In a new study examining the potential impact of AI on jobs that employ computer vision, MIT researchers found, “a vast majority of jobs previously identified as vulnerable to AI are not economically beneficial for employers to automate at this time,” reports Catherine Thorbecke for CNN. “In many cases, humans are the more cost-effective way, and a more economically attractive way, to do work right now,” says Research Scientist Neil Thompson, director of the FutureTech Research Project at CSAIL. “What we’re seeing is that while there is a lot of potential for AI to replace tasks, it’s not going to happen immediately.”

Bloomberg

A new working paper by MIT researchers finds that artificial intelligence is not currently a cost-effective replacement in jobs where computer vision is employed, reports Saritha Rai for Bloomberg. “Our study examines the usage of computer vision across the economy, examining its applicability to each occupation across nearly every industry and sector,” explains Research Scientist Neil Thompson, director of the FutureTech Research Project at CSAIL. “We show that there will be more automation in retail and healthcare, and less in areas like construction, mining or real estate.”

New Scientist

A new working paper by MIT researchers focuses on whether human work, including vision tasks, are worth replacing with AI computer vision, reports Jeremy Hsu for New Scientist. “There are lots of tasks that you can imagine AI applying to, but actually cost-wise you just wouldn’t want to do it,” says Research Scientist Neil Thompson, director of the FutureTech Research Project at CSAIL.

The Boston Globe

Researchers at MIT have released a new working paper that aims to quantify the severity and speed with which AI systems could replace human workers, reports Hiawatha Bray for The Boston Globe. The paper concluded that “it’s not enough for AI systems to be good at tasks not performed by people,” explains Bray. “The system must be good enough to justify the cost of installing it and redesigning the way a job is done.”

Forbes

A new working paper by MIT researchers predicts “only 23% of wages linked to vision-related tasks could be feasibly cost-effectively replaced by AI,” reports Gil Press for Forbes.
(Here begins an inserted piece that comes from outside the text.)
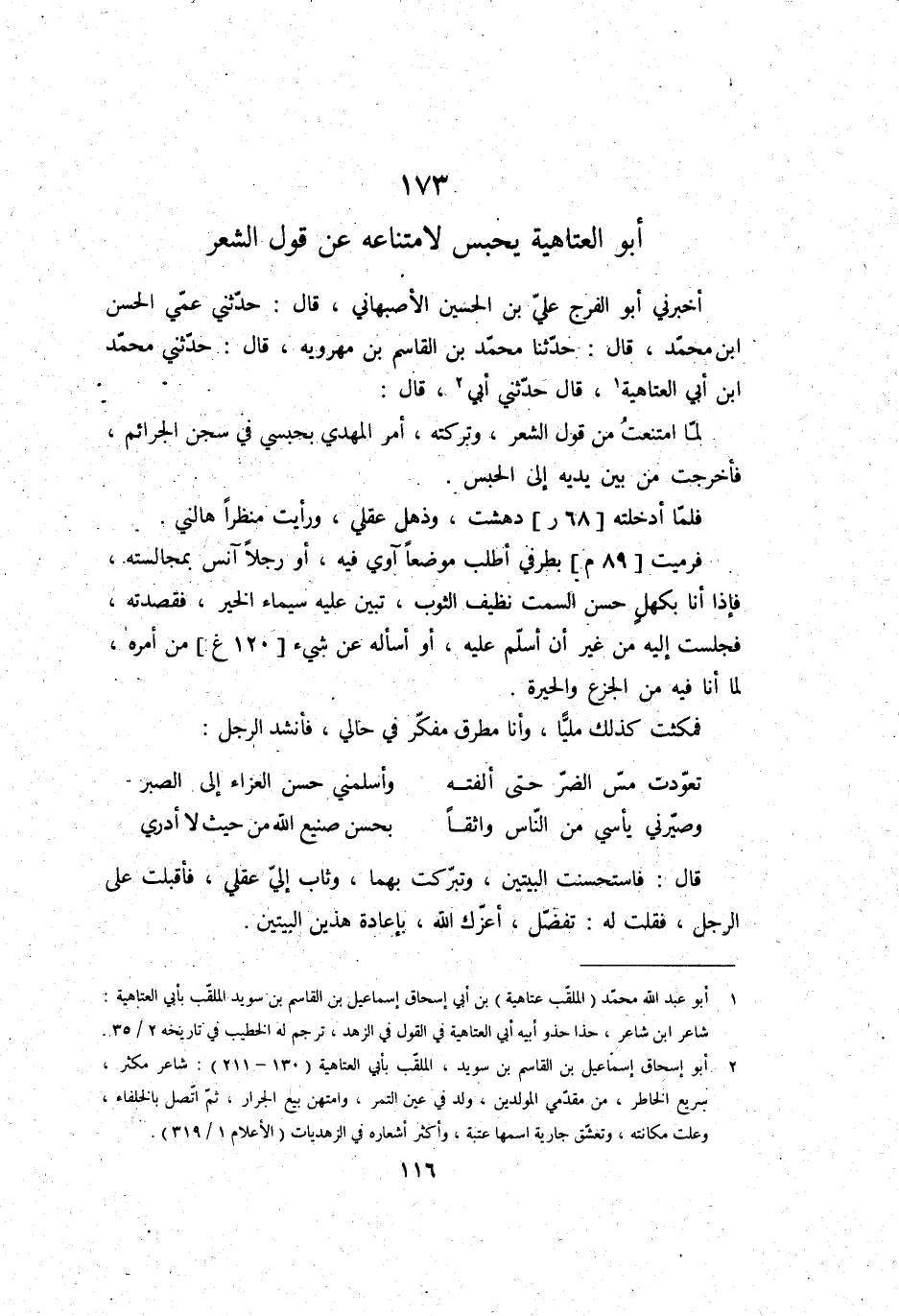 أَبُو الْعَتَاهِيَة يحبس لامتناعه عَن قَول الشّعْر

The researchers “argue that their findings apply also to generative AI or the automation of language-related tasks,” writes Press.

Wired

Writing for Wired, Institute Prof. Daron Acemoglu predicts that expectations for generative AI will need to recalibrated during the year ahead. Acemoglu notes that he believes in 2024, “generative AI will have been adopted by many companies, but it will prove to be just ‘so-so automation’ of the type that displaces workers but fails to deliver huge productivity improvements.”